[Start of section]

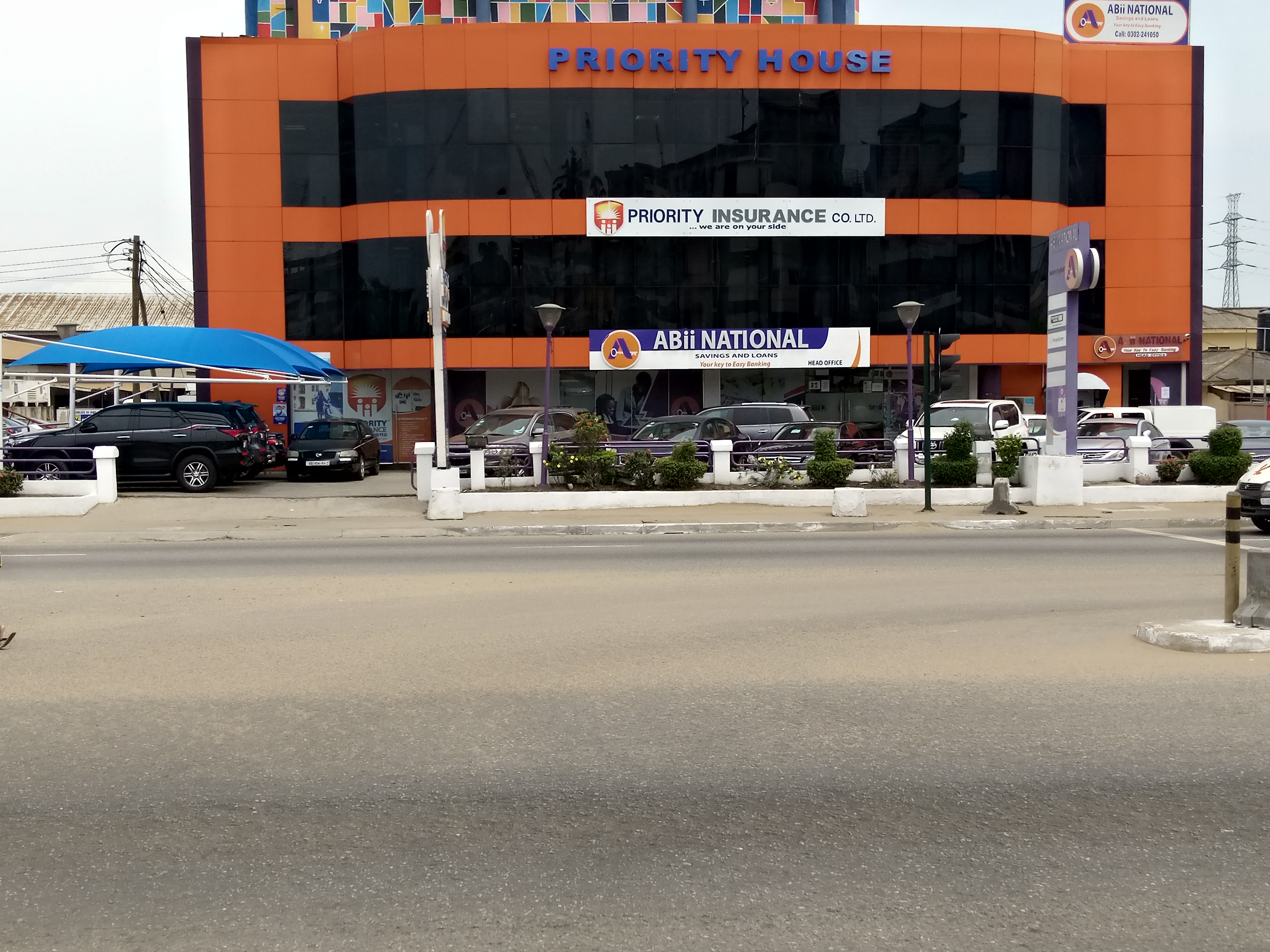 Financial Institution
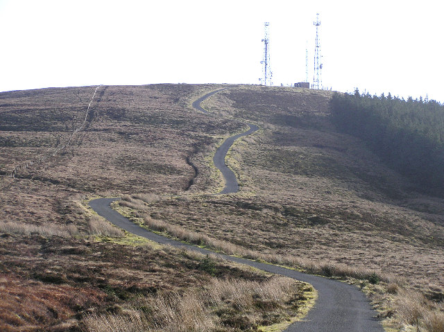 Mullaghcarn Mountain. The last leg of the 3 mile walk to the top of Mullaghcarn and there's still the journey back down. On the summit is the carn and two radio communications masts, all in different squares. My heartbeat was going faster as I went up the hill.
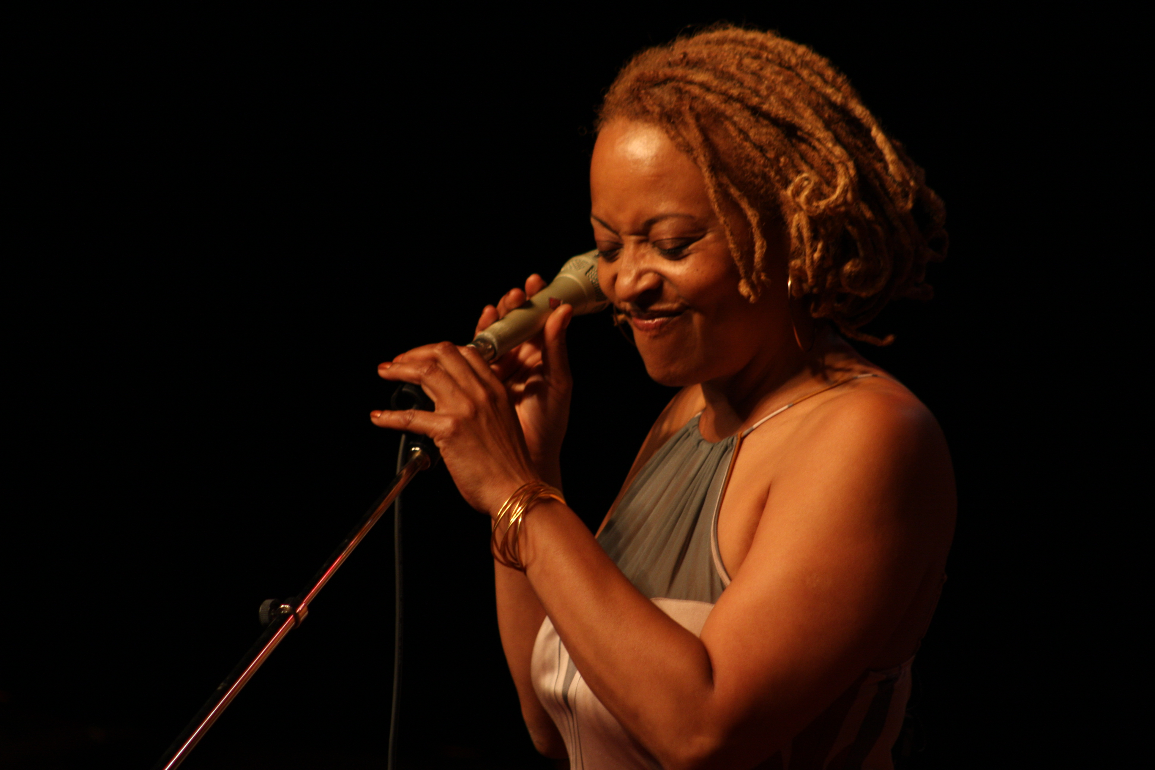 Cassandra Wilson, Ottawa Bluesfest 2008
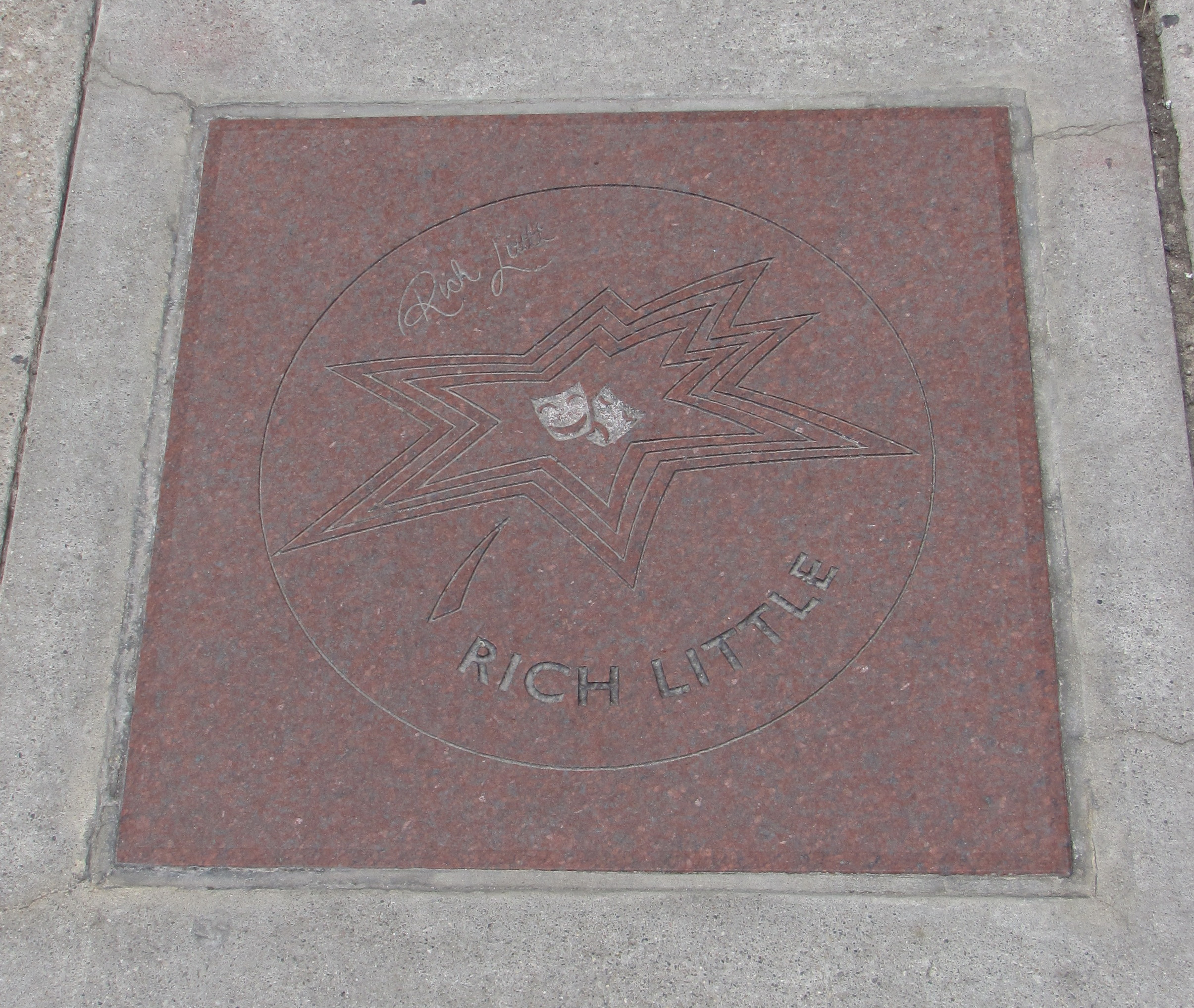 Rich Little's star on Canada's Walk of Fame
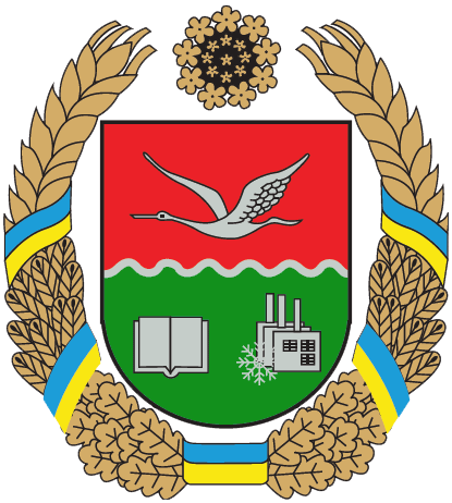 Coat of arms of Borodianski Raion, Ukraine.
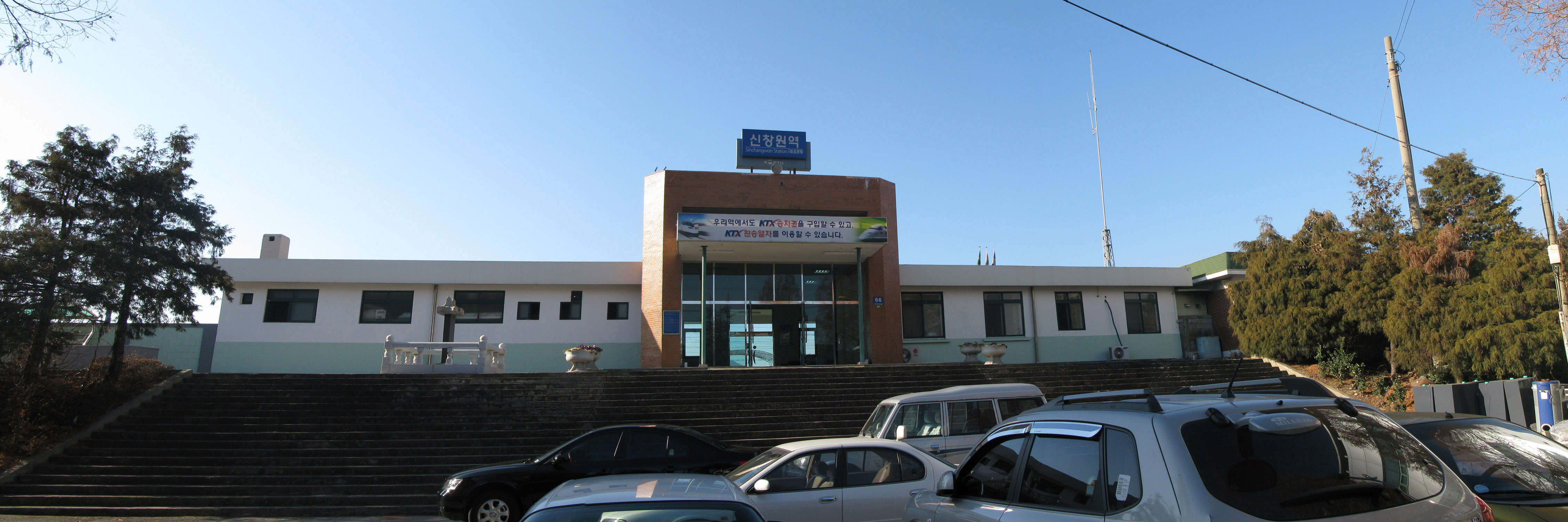 Jinhae Line Sinchangwon Station
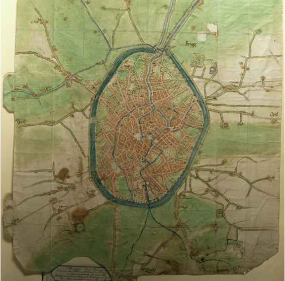 Brugge, Belgium_;_ detail from Deventer_Map
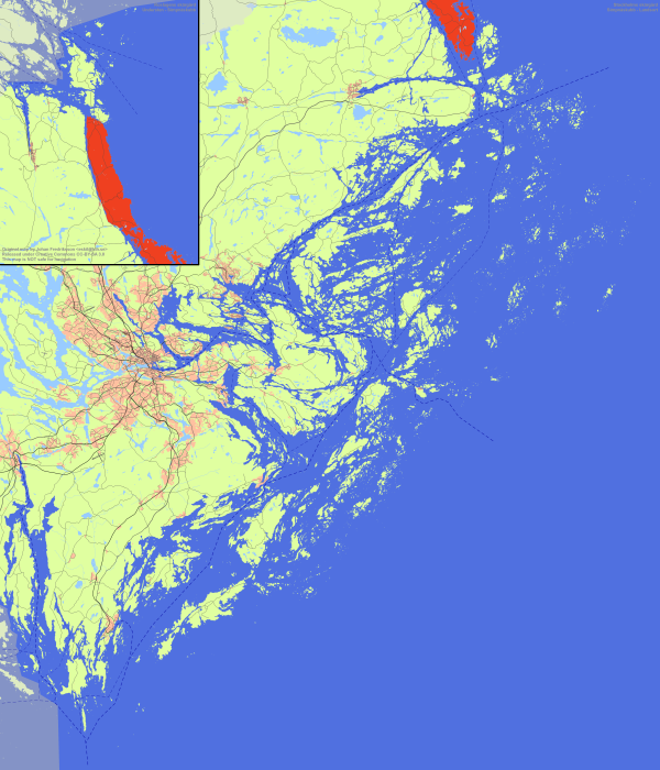 Location of the island Väddö
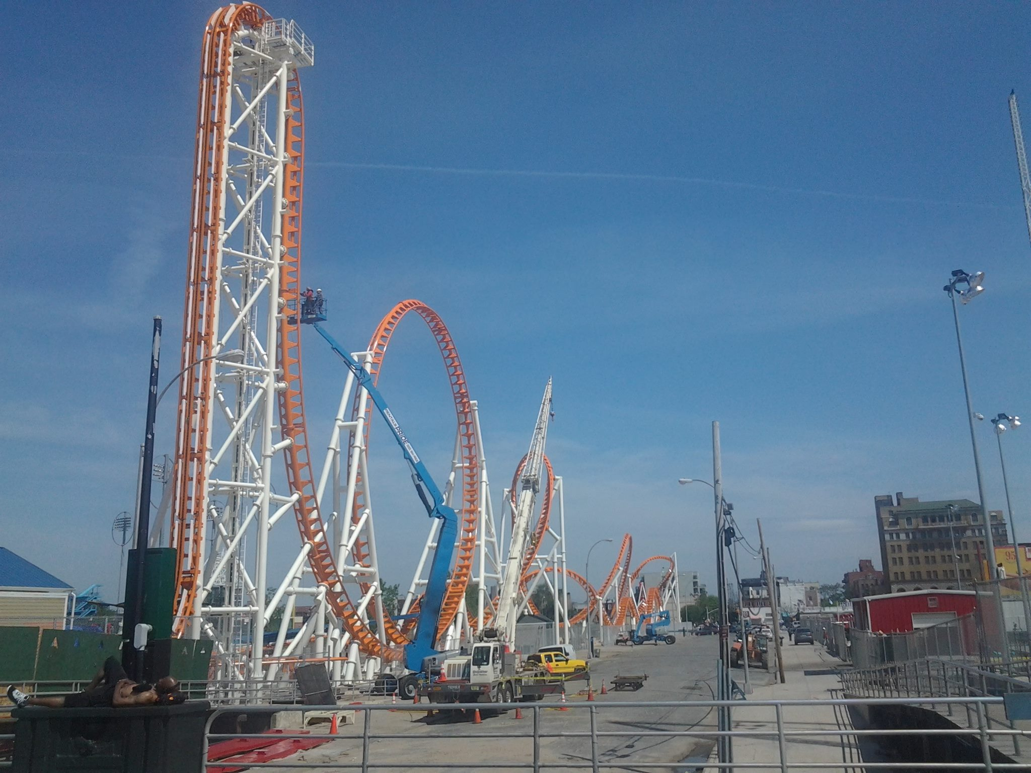 Thunderbolt Roller Coaster in Coney Island, Brooklyn, New York while under construction on May 26, 2014.

[End of section]

What you should do. Give the records again without a single change, and exclude the pictures.

Response.
 Financial Institution
 Mullaghcarn Mountain. The last leg of the 3 mile walk to the top of Mullaghcarn and there's still the journey back down. On the summit is the carn and two radio communications masts, all in different squares. My heartbeat was going faster as I went up the hill.
 Cassandra Wilson, Ottawa Bluesfest 2008
 Rich Little's star on Canada's Walk of Fame
 Coat of arms of Borodianski Raion, Ukraine.
 Jinhae Line Sinchangwon Station
 Brugge, Belgium_;_ detail from Deventer_Map
 Location of the island Väddö
 Thunderbolt Roller Coaster in Coney Island, Brooklyn, New York while under construction on May 26, 2014.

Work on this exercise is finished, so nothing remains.